I guess I should mention that https://news.ycombinator.com/item?id=9397169 does kind of disagree, saying, "If GCC didn't beat an expert at optimizing interpreter loops, it was because they didn't file a bug and give us code to optimize," but his actual example is the CPython interpreter loop, which is light-years from the kind of hand-optimized assembly interpreter Mike Pall's post is talking about, and moreover it wasn't feeding an interpreter loop to GCC but rather replacing interpretation with run-time compilation. Mostly what he disagrees about is the same thing Regehr disagrees about: whether there's enough code in the category of "not worth hand-optimizing but still runs often enough to matter", not whether you can beat a compiler by hand-optimizing your code. On the contrary, he brings up whole categories of code where compilers can't hope to compete with hand-optimization, such as numerical algorithms where optimization requires sacrificing numerical stability. mpweiher's comment in response discusses other scenarios where compilers can't hope to compete, like systems-level optimization.
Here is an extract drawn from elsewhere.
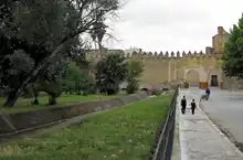 The Oued Fejjalin is one of the most important divisions. It passes through the north part of the Jnan Sbil Gardens and through the Dar al-Beida Palace, before splitting into more branches. One branch goes south but has mostly disappeared today. The other, the Oued el-Lemtiyyin, continues northeastwards toward the Bou Jeloud area and supplied the northern parts of the city.[4][1] Just after it enters the city walls, the water of the Oued el-Lemtiyyin is collected by a large distributor structure located adjacent to the south side of Bab Bou Jeloud gate.[7][6] The structure is made of brick and rammed earth. It originally dates from the Almoravid period,[3] although the wall on its west side is part of the Almohad city walls and some hydraulic features likely underwent modifications over the years as the city developed or the agreements regulating water distribution changed.[7] It has three arched openings that lead into vaulted chambers under the wall from which the water then emerges on the other side into three open-air channels or "zones", located at different elevations. The middle zone consists of a large reservoir that feeds water into three underground canals on its eastern side. The two other zones, located on higher ground on either side of this, received lesser amounts of water but were more complex, consisting of multiple small basins and channels that regulated the distribution into local neighbourhoods. The differences in the depth and elevation of the different reservoirs and channels reflected the institutionalized water agreements under which certain neighbourhoods or buildings had priority access to water, while other sites, with less priority, only received it when the water level was high enough to reach the channels and reservoirs located at higher elevations. The water entering into the distributor was also slowed and diverted by small dams and settling basins, as well as by the various reservoirs themselves, which thus also served as a rudimentary water treatment system by catching and filtering garbage and other physical pollution. From this distributor, the water then spread through various underground canals across the neighbourhoods located downstream, starting with those in the Tala'a Kebira and Tala'a Seghira areas. One of the canals still passes through courtyard of the Bou Inania Madrasa today. Other distributor structures, of smaller size and complexity, were located throughout this network and other networks in order to further regulate water distribution.[7][4]
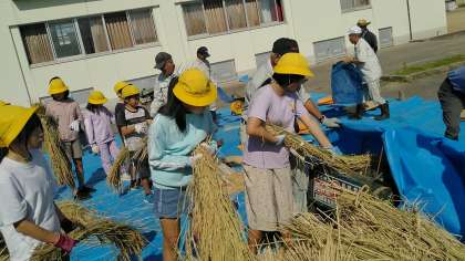 10月1日(火) 5年生 脱穀・もみすり作業2

It's worth reading the comments by haberman and Mike Pall in the HN thread there where they correct Berlin about LuaJIT, and kjksf also points out a number of widely-used libraries that got 2–4× speedups over optimized C by hand-optimizing the assembly: libjpeg-turbo, Skia, and ffmpeg. It'd be interesting to see if the intervening 10 years have changed the situation, because GCC and LLVM have improved in that time, but I doubt they've improved by even 50%, much less 300%.